The instant messaging (IM ) qualities of platforms such as MXit can be viewed as a potential revenue leakage from service providers’ messaging businesses, and while service providers do benefit from increased data and access usage, they do not get to participate fully in the premiums being enjoyed by the OTT social network players.
Thus the potential for branding and developing a strong following behind a social network, which then has communications elements within its functionality is significant, and justifiably making service providers somewhat nervous. Guinness Nigeria, for example, is one of the country’s most visible and celebrated brands. It commands one million subscribers on its social network platform alone, which is a quarter of the number of all Facebook subscribers in the country.
Despite the success of social networking having clearly evolved from the Internet, some telecom operators continue to try to exercise as much control over social interactions with their subscriber bases as possible. Vodacom continues to invest in its Vodacom live! portal, which it claims to be the most significant portal in South Africa with six million unique visitors a year.
“We launched our apps store on September 1, 2011, and had 140,000 free apps available at that time,” Prins Mhlanga, Vodacom’s managing executive of Digital Media said. “We want to keep things as open as possible and work with other platforms such as Java, BlackBerry, Symbian, Windows Mobile and Android,” he added.
In the middle of December the cellco announced the launch of premium apps in the Vodacom App Store. The premium apps range from ZAR 5 (US$0.62) to ZAR 50.

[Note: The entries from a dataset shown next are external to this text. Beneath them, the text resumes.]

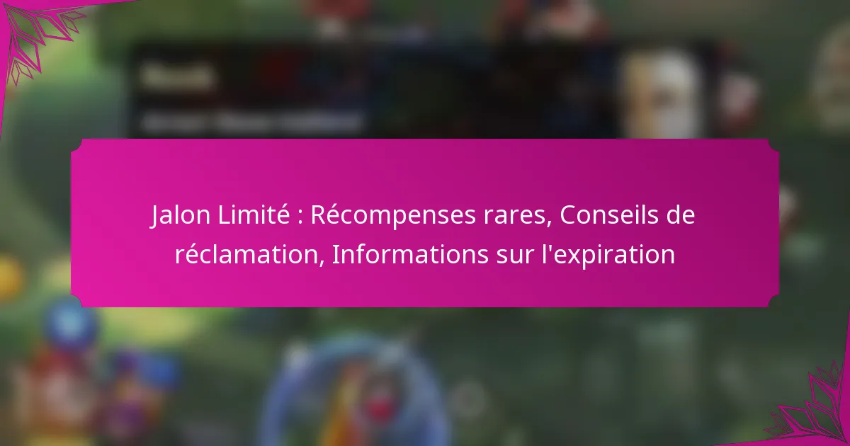 Les événements Milestone Limités offrent aux joueurs la possibilité de gagner des récompenses rares qui sont exclusives et souvent plus précieuses que les prix standards. Pour réclamer ces récompenses avec succès, il est important de suivre des étapes spécifiques et de respecter les délais. De plus, chaque récompense a une date d’expiration, il est donc…
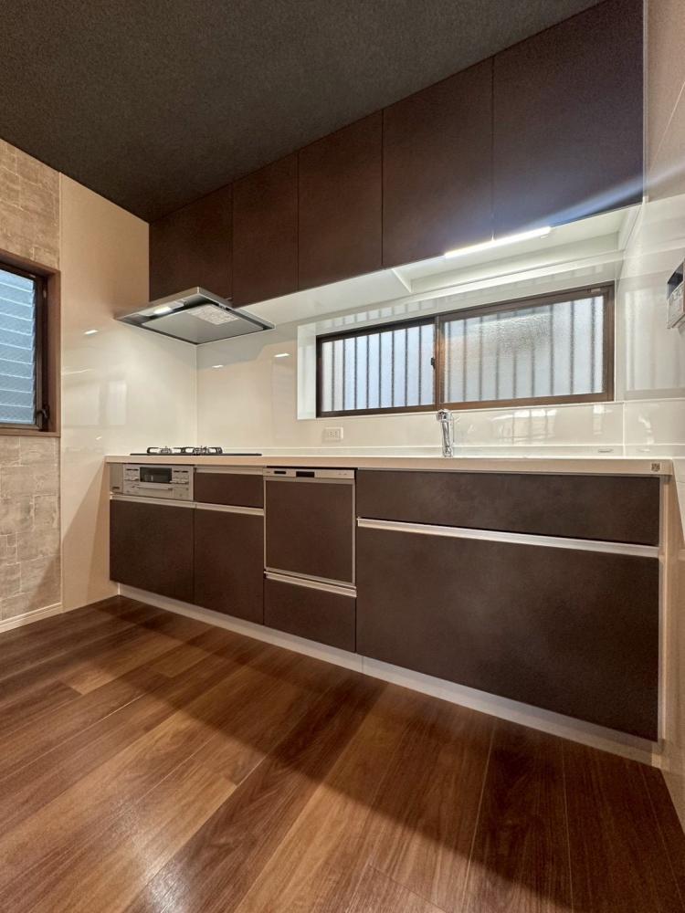 外壁をグレーから青空に映えるさわやかな白に塗り替え、お部屋はダークブラウンを基調とした色合いに統一し、落ち着いた印象になりました。また、浴室暖房乾燥機や食器洗い乾燥機、温水洗浄便座など基本的な機能も装備され、快適な住空間になっております。
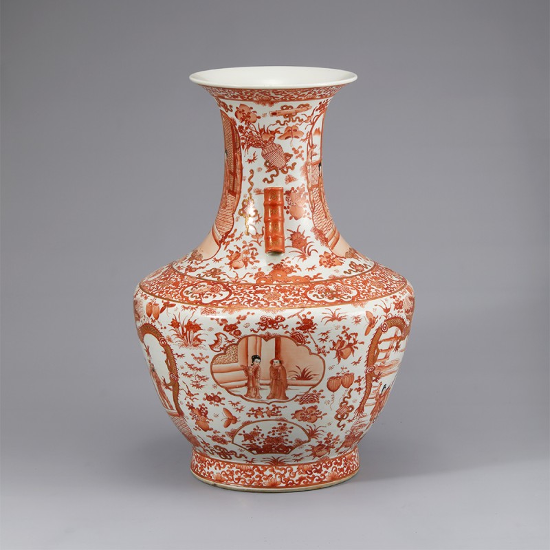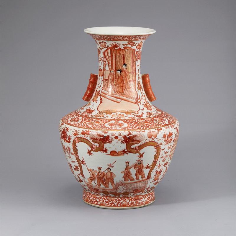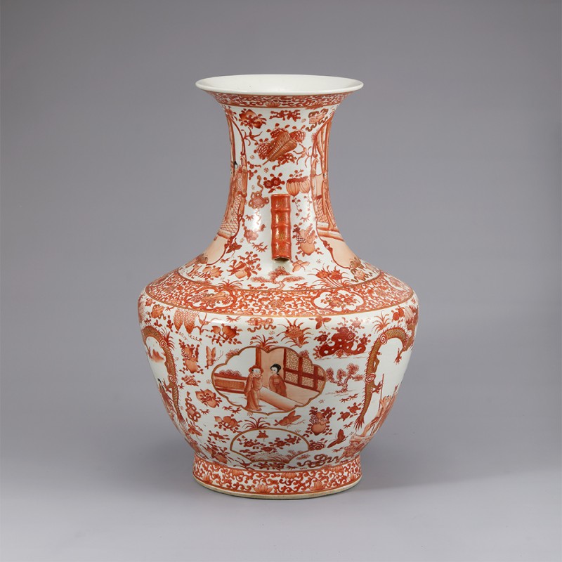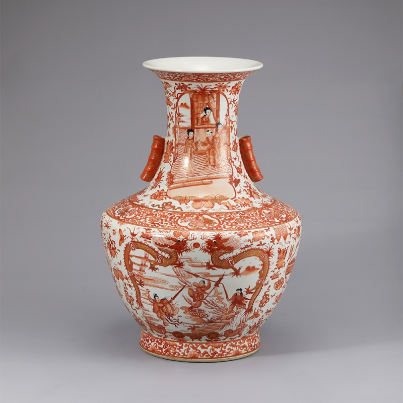 尊撇口,细长颈,颈中部对称置两贯耳,折肩,圆腹,圈足。通体以矾红彩描金装饰,口沿、肩部及圈足外壁处各绘花卉纹,颈部有开光,内绘宫女。腹部两条龙与蝴蝶、瑞兽形成开光,开光内绘人物纹。底足署“惜阴书屋珍藏”款识,“惜阴书屋珍藏”是指位于中国广东省清晖园的惜阴书屋的珍贵藏品,“惜阴书屋”意味着珍惜光阴的书屋。清晖园与佛山梁园、番禺余荫山房、东莞可园一起,并称中国广东的四大名园。

The Vodacom App Store counted over five thousand premium apps that have been added to the Vodacom App Store since launch.
“The customer uptake of free apps was fantastic with over 500,000 downloads in the first three months of launch. We believe the market is ready to experience premium apps,” Mhlanga said at the announcement of premium apps.
Many industry commentators still regard operator-developed portals such as Vodacom live! as widely unsuccessful.